The test performance of the proposed model using the two informative features (correlation coefficient = 0.808) is much better than the previous study using three features (0.714). As a strong correlation (correlation coefficient = 0.613) between Hmax and TopoPSA and a moderate correlation (correlation coefficient = 0.494) between MW and TopoPSA were observed, multicollinearity might be responsible for the worse performance of the previous study. The three features of MW, Hmax and TopoPSA were all excluded by the fourth step of feature selection using the Lasso method and LOOCV. The proposed algorithm coped well with the multicollinearity problem, compared with the previous study based on Akaike Information Criterion (AIC) and the whole training set. After the AD adjustment, the performance was further improved to 0.847. The two informative features are considered more relevant to logFM values.

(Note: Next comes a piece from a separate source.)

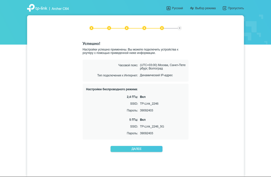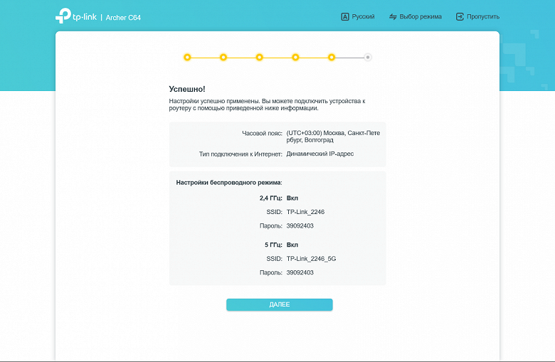 На последней странице предлагается подключить роутер к облачному аккаунту TP-Link для удаленного управления и мониторинга. Отметим, что уже в мастере можно изменить режим работы устройства и превратить роутер в точку доступа.
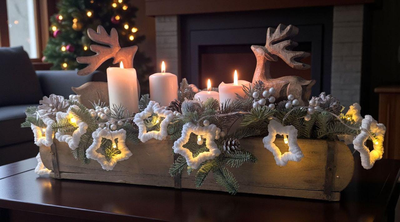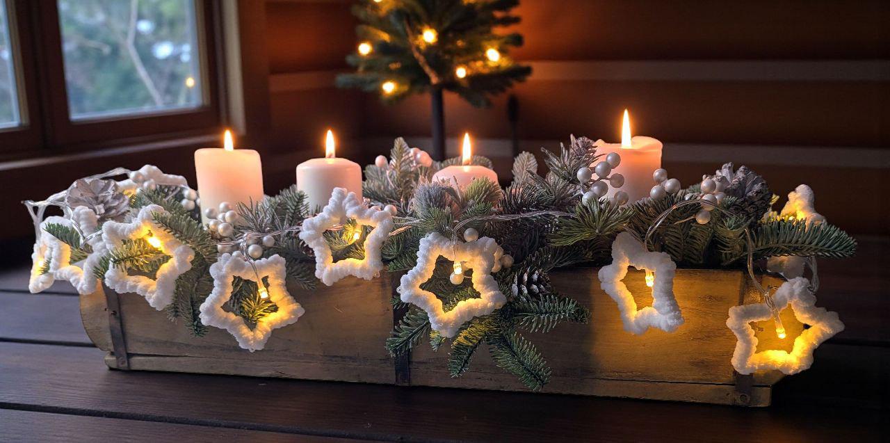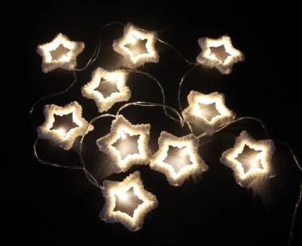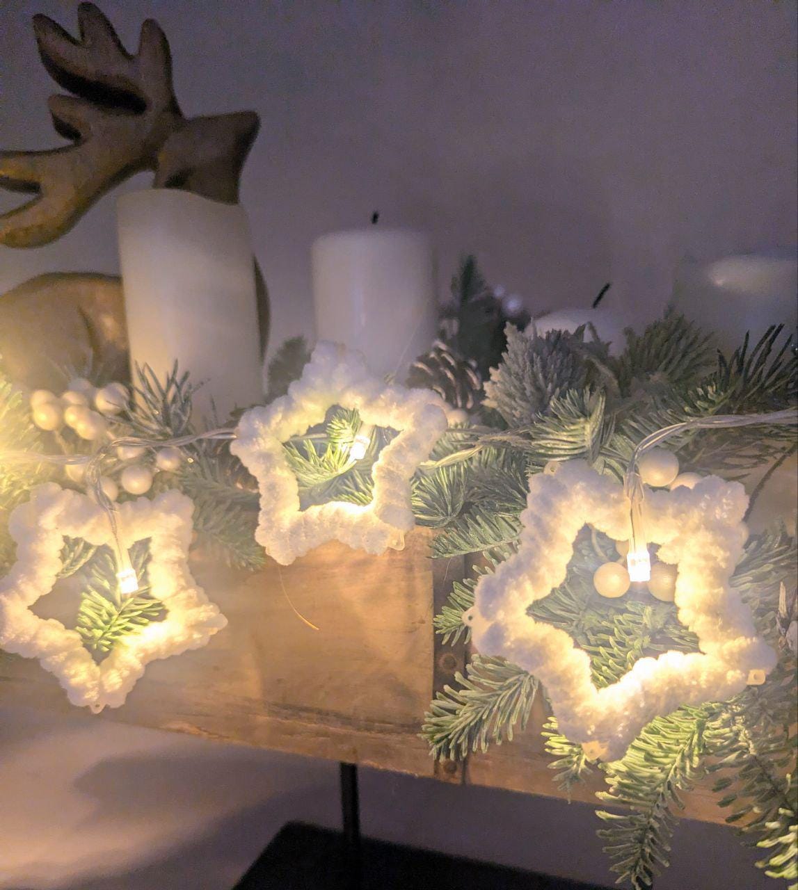 The ‘Stars’ LED string lights bring a touch of magic to any room. Delicate white plastic stars – lovingly wrapped in soft, fluffy chenille yarn – spread a gentle, cosy light thanks to 10 warm white LEDs. Whether in the window, on a wooden board or as a festive decoration on the table, this string of lights creates a cosy atmosphere, especially at this time of year. Thanks to its battery operation and practical on/off switch, it can be placed anywhere – without the need for a nearby power socket. Atmospheric lighting decoration for indoor use Stars made of white plastic, wrapped in soft, fluffy white chenille Battery operated (with on/off switch) 10 warm white LEDs Length 135 cm, cable 50 cm, batteries not included Delivered without decoration

The development of computational models for predicting fetal-maternal blood concentration ratio of chemicals in humans can help the design of safer drugs and avoid unwanted toxicity by exposure to chemicals. This study presents the first valid QSAR model following the OECD principles with good prediction performance under the defined AD. The five principles are (1) a defined endpoint, (2) an unambiguous algorithm, (3) a defined domain of applicability, (4) appropriate measures of goodness-of-fit, robustness and predictivity, and (5) a mechanistic interpretation, if possible (OECD, 2007). The QSAR model is a multiple linear regression model based on two features of AATSC1c and ZMIC1 selected by the Lasso method. The AD of the QSAR model was determined by a novel decision tree-based analysis method and gave high correlation coefficients of 0.875, 0.850 and 0.847 for model fitting, leave-one-out cross-validation and independent test, respectively. The QSAR model is expected to be useful for predicting logFM values in humans that is an important endpoint for assessing the developmental toxicity of chemicals. Future work could be the integration of the transplacental prediction model to the weight-of-evidence framework (Tung et al., 2020) as one evidence. The combination of multiple in silico models could further improve the overall accuracy for prioritizing chemicals of developmental toxicity.